DS's favourite line is the bit at the cafe - often when we're eating out (or even just sitting down for tea at home) he'll say "Sisigis a cips a ay-ceem!" (Sausages & chips & Ice-Cream!) - even if we're having something far more posh

yappybluedog · 08/07/2009 19:27

very amusing thread on TWCTT

here

MrsBadger · 08/07/2009 19:31

I read a brilliant interview with Judith Kerr about this

she said it was about the absolute drudgery of SAHMing with small children, where you are desperate for something, anything that's out of the ordinary to happen; where even a ring at the doorbell has infinite possibilites...

I sympathise, I must say.

saintmaybe · 08/07/2009 19:45

Beat me to the link, ybd!
And so glad it's one of the codonyms that didn't get wiped

Dh has always believed it's about the mother's adulterous affair

the big furry guy comes in and takes everything and leaves them in panic and disarray
she doesn't know what to do when she realises her mistake and how easily she gave it all away
luckily daddy comes home very magnaminous and understanding

But then my dh is weird

he also has a pathological hatred and distrust of mog

yappybluedog · 08/07/2009 21:19

whatever happened to codswallop?

MrsMattie · 08/07/2009 21:21

It's shit. Only Thomas the Wank Engine and bloody Mr Men are worse

Noonki · 08/07/2009 21:35

MrsMattie - Mr Men as the name suggests can only be read by men

LoveAndSqualor · 08/07/2009 21:38

Fascinating. I always read the tiger as symbolising post-natal depression - "the tiger" goes round wrecking the joint, preventing Mother from cooking Daddy's supper, and bathing Sophie, and then poor old long-suffering Daddy has to come home and deal with the fallout ...

Though I've heard that Judith herself is having none of the analysing, too!

AitchTwoOh · 08/07/2009 21:47

lol at mr men are only read by men. we have the same rule in our house too.

i too love peepo, couldn't agree more. the first time i read that book i cried, i found it genuinely moving.

and pmsl at the camp dad. dd1 (3) does an impression of him, loding her hat out and with her mouth hanging open, it's hilarious.

VoodoNotdoit · 08/07/2009 21:56

I always think about Where the Wild things Are too too much

AitchTwoOh · 08/07/2009 22:00

HATE where the wild things are.

saintmaybe · 08/07/2009 22:14
Smile
Horton · 08/07/2009 22:41

In our house, Mr Men are books that only children can read. So I am safe for at least a few years as DD is only two. I have a sort of sneaking worry that she might insist on reading them to me then but that's better than reading the sodding things myself.

Peepo also reduces me to tears but then I am an enormous wuss.

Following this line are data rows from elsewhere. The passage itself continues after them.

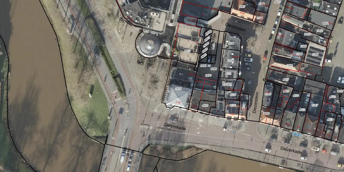 Diezerkade 1-C is gelegen op kadastraal perceel ZLE00A7814. Deze kadastrale aanduiding is uniek en wordt gebruikt door het Kadaster om eigendomsrechten en andere zakelijke rechten vast te leggen. Het perceel maakt onderdeel uit van de kadastrale gemeente Zwolle.
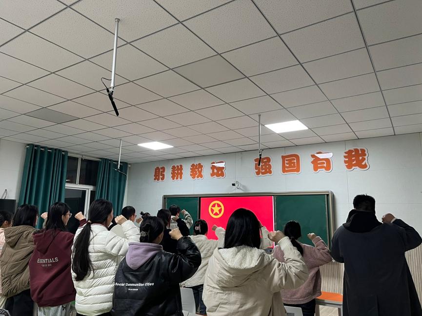 入团仪式在庄重的国歌中拉开帷幕,与会人员全体起立奏唱国歌。仪式上,主持人王佳欣首先宣布本年度新发展团员名单,周学素老师为新团员颁发团徽及团员证。分团委组织部王佳威作为领誓人带领全体团员进行宣誓,宣誓人持立正姿势,面向团旗,新团员们举起右拳,庄重宣誓,这一环节让新团员们更加深入地理解入团誓词的内涵和意义。王佳威宣读《团章》中有关团员的义务和权利的条款。新老团员代表分别进行发言。
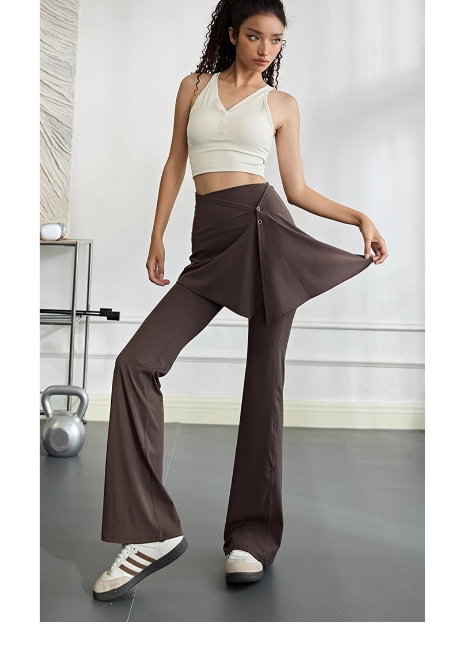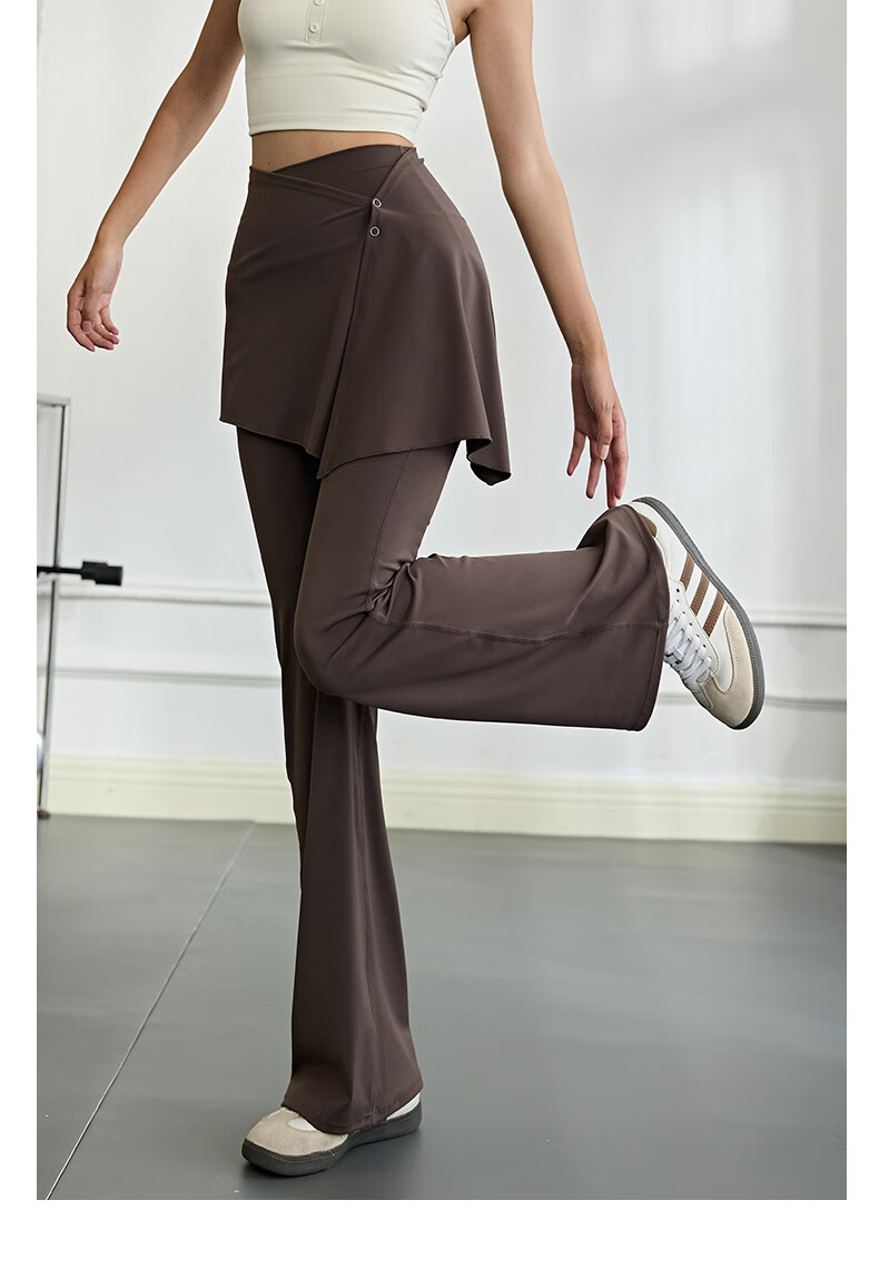 Dcw hip-covering yoga pants women's anti-embarrassment fitness pants skirt can be worn outside Pilates training slimming micro-flared pants new style cranberry pink S
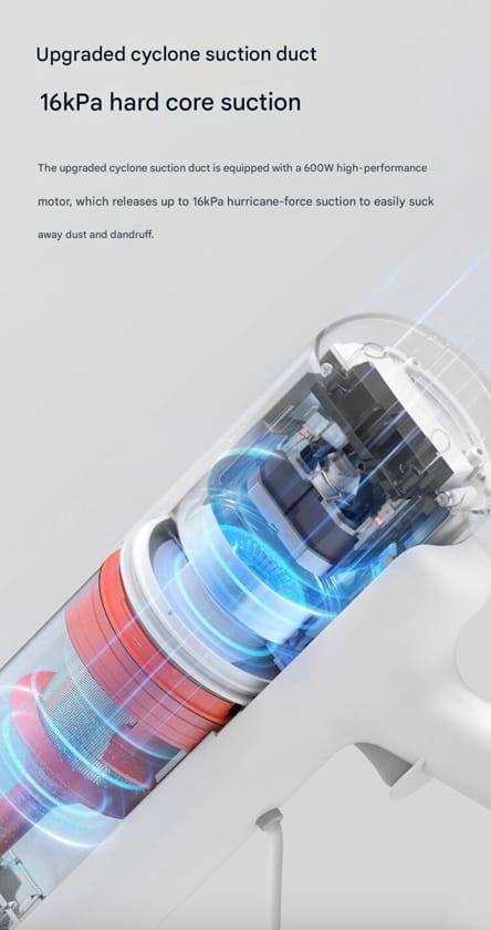 - Βελτιωμένος κινητήρας τύπου κυκλώνα : Εξοπλισμένη με κινητήρα κυκλώνα 600W, αυτή η ηλεκτρική σκούπα δίνει εκπληκτική ισχύ αναρρόφησης στα 16kPa για να εξασφαλίσει λεπτομερή καθαρισμό σκόνης και συντριμμιών.

glasjam · 09/07/2009 01:10

Ahh Peepo is so lovely isn't it? So evocative - it gave me a flashback to the fringe on the pram and I love the baby in the bath with the soap in the mug with all its night clothes warming on the stove - and grandma slaving away doing the ironing and earning her keep .

Now the Tiger who came to Tea is a fave too - my dd squeals at the "Daddy's home!" bit and I always feel a slight pang of guilt as if I must have done something wrong to be reinforcing this archetype of the breadwinner returning home and giving him his pipe and slippers. Only her own Daddy often has to make his own tea so hopefully that balances things up?!

I am confused as to the Tiger's motives - he seems so sly and then he's playing on his flute at the end and I can't help thinking he's got another agenda I don't quite understand. And I like how oblivious Sophie is to the absurdity of it all as she snuggles up with the Tiger's tail around her neck and is so totally in love with the fact that a Tiger has visited (well you would be wouldn't you?).